(ACTION ITEM): Leaving pictures aside, restate exactly the lines of the data below, from the first one through the line that contains "안녕하세요. 도전으로 함께하는".

*** SOURCE DATA ***

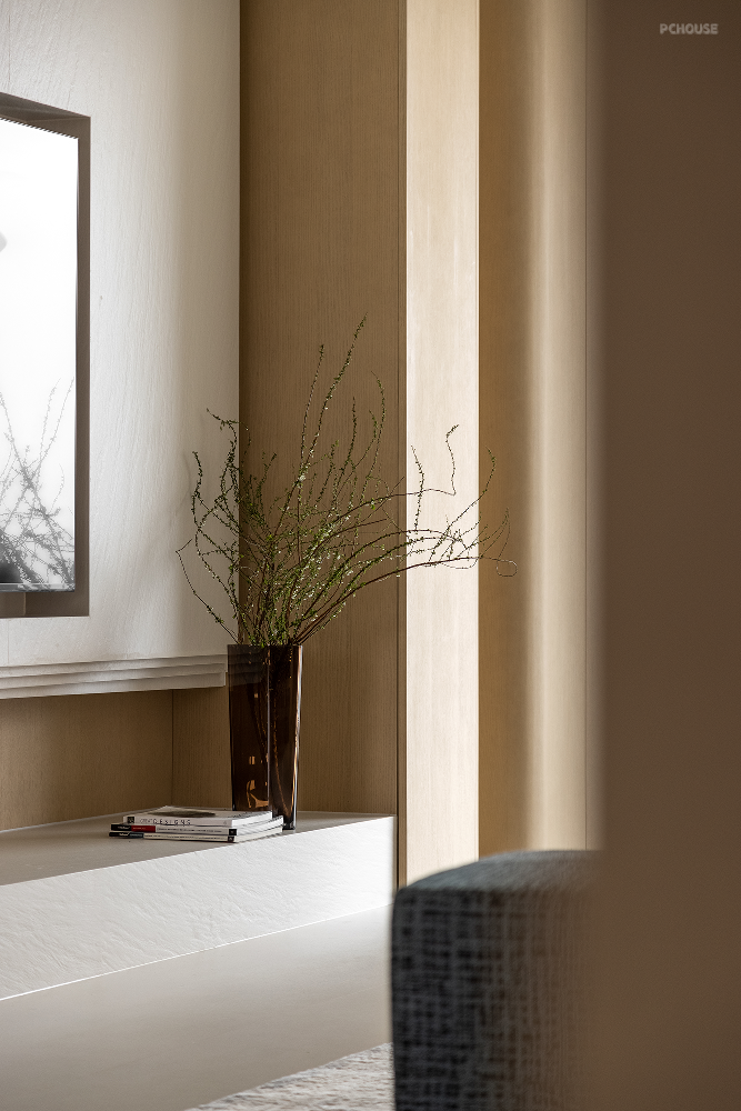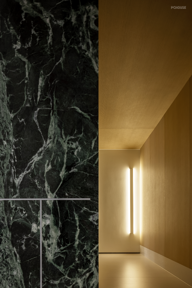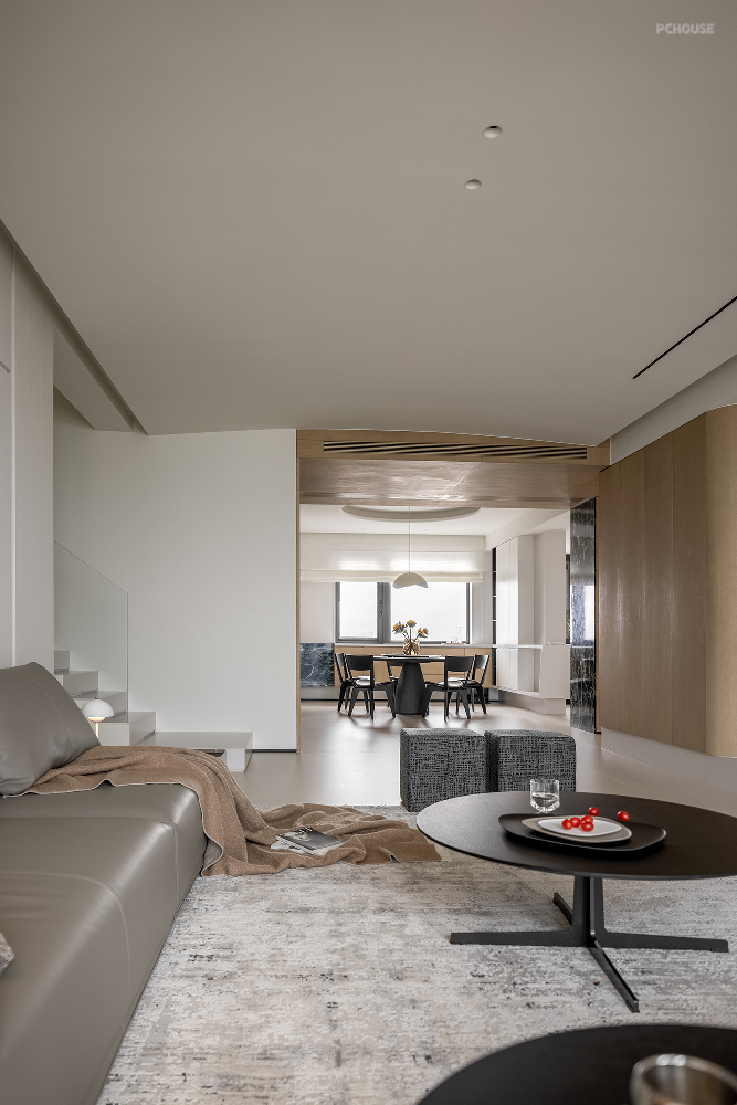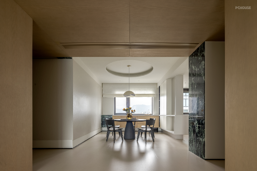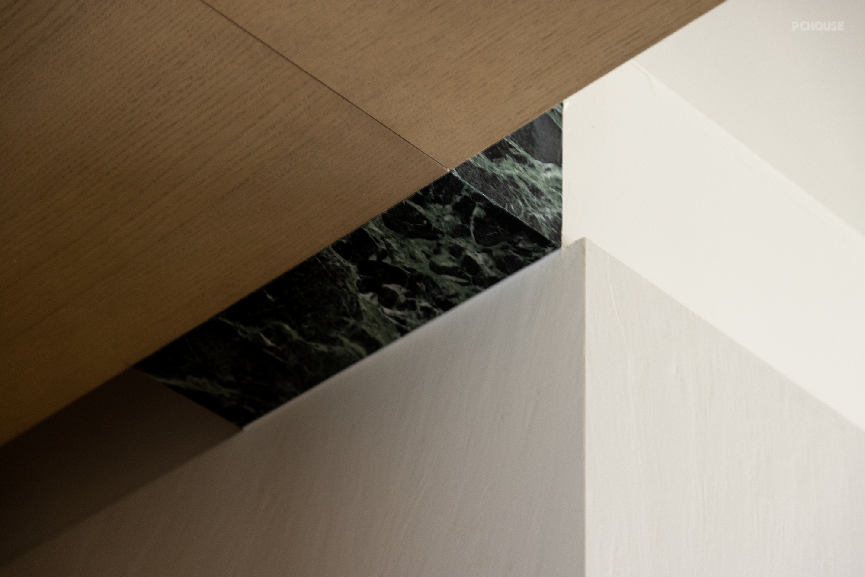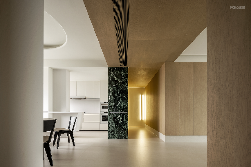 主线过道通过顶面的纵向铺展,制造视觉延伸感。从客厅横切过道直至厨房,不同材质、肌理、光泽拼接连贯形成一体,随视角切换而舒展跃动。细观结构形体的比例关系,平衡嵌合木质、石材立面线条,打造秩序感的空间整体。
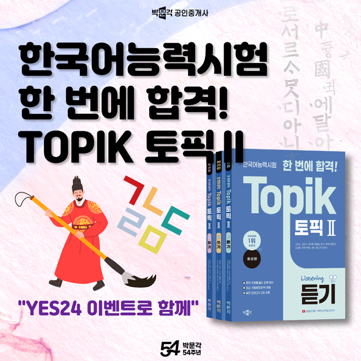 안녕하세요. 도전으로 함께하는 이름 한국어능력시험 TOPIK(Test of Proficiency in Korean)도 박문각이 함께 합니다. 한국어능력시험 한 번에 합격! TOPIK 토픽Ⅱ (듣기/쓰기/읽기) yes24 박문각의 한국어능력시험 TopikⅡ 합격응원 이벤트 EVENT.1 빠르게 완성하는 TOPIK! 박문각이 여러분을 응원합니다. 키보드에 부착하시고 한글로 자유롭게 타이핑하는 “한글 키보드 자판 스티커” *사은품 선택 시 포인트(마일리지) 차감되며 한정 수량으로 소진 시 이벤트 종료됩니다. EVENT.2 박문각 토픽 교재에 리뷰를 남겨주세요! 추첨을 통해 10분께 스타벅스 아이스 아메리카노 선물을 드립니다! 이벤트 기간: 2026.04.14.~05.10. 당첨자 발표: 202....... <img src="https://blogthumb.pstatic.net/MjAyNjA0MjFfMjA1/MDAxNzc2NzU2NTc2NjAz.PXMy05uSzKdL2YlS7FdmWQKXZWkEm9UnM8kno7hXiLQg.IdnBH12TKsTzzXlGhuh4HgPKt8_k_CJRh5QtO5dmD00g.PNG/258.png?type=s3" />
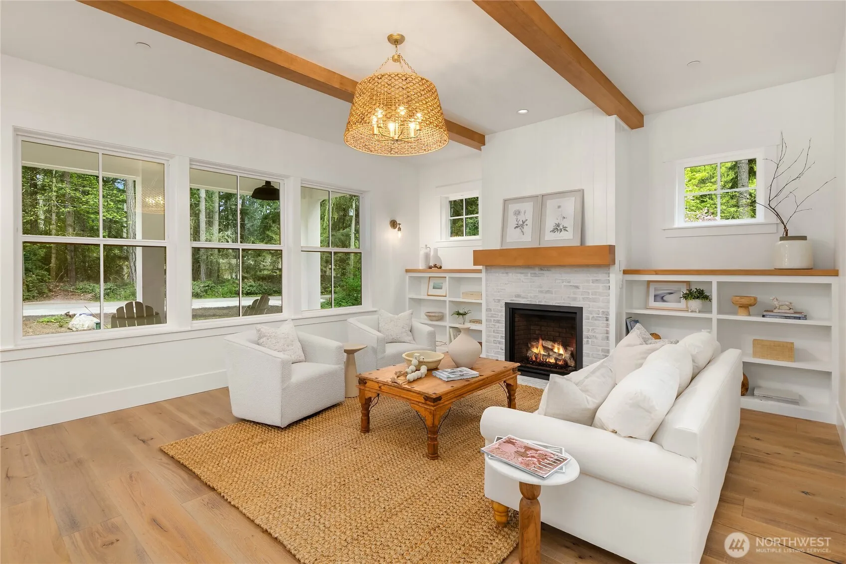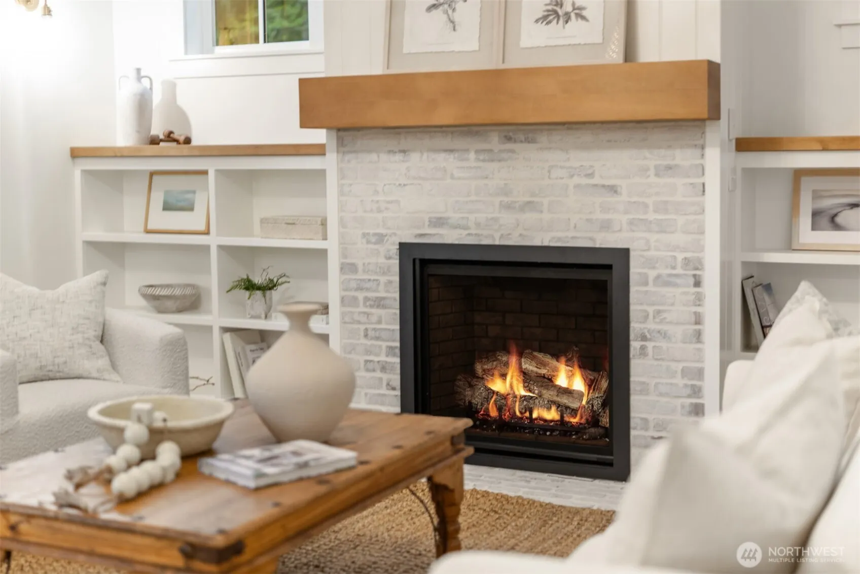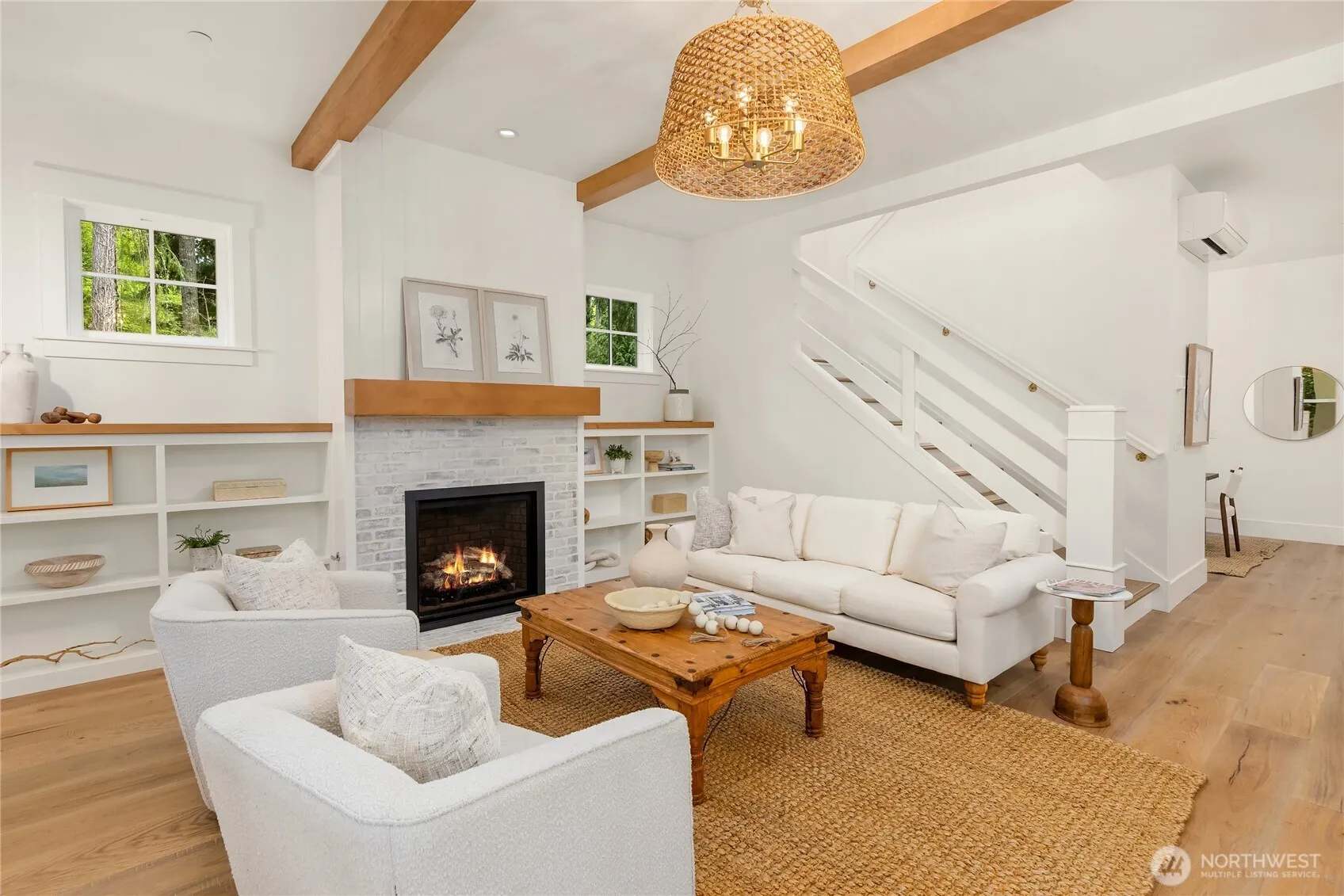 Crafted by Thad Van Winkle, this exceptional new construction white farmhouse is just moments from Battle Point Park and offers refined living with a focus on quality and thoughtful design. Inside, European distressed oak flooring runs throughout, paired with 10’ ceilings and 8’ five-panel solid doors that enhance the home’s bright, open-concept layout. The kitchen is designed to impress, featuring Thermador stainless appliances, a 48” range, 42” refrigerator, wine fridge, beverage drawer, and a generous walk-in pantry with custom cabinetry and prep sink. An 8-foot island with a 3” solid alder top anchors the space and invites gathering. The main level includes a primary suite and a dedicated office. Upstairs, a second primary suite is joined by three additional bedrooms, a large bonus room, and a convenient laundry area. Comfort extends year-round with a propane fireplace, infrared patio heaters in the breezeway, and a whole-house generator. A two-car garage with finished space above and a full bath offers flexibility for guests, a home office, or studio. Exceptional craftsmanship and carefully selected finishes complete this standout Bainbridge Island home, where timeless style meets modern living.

***

(RESPONSE BELOW):
 主线过道通过顶面的纵向铺展,制造视觉延伸感。从客厅横切过道直至厨房,不同材质、肌理、光泽拼接连贯形成一体,随视角切换而舒展跃动。细观结构形体的比例关系,平衡嵌合木质、石材立面线条,打造秩序感的空间整体。
 안녕하세요. 도전으로 함께하는 이름 한국어능력시험 TOPIK(Test of Proficiency in Korean)도 박문각이 함께 합니다. 한국어능력시험 한 번에 합격! TOPIK 토픽Ⅱ (듣기/쓰기/읽기) yes24 박문각의 한국어능력시험 TopikⅡ 합격응원 이벤트 EVENT.1 빠르게 완성하는 TOPIK! 박문각이 여러분을 응원합니다. 키보드에 부착하시고 한글로 자유롭게 타이핑하는 “한글 키보드 자판 스티커” *사은품 선택 시 포인트(마일리지) 차감되며 한정 수량으로 소진 시 이벤트 종료됩니다. EVENT.2 박문각 토픽 교재에 리뷰를 남겨주세요! 추첨을 통해 10분께 스타벅스 아이스 아메리카노 선물을 드립니다! 이벤트 기간: 2026.04.14.~05.10. 당첨자 발표: 202....... <img src="https://blogthumb.pstatic.net/MjAyNjA0MjFfMjA1/MDAxNzc2NzU2NTc2NjAz.PXMy05uSzKdL2YlS7FdmWQKXZWkEm9UnM8kno7hXiLQg.IdnBH12TKsTzzXlGhuh4HgPKt8_k_CJRh5QtO5dmD00g.PNG/258.png?type=s3" />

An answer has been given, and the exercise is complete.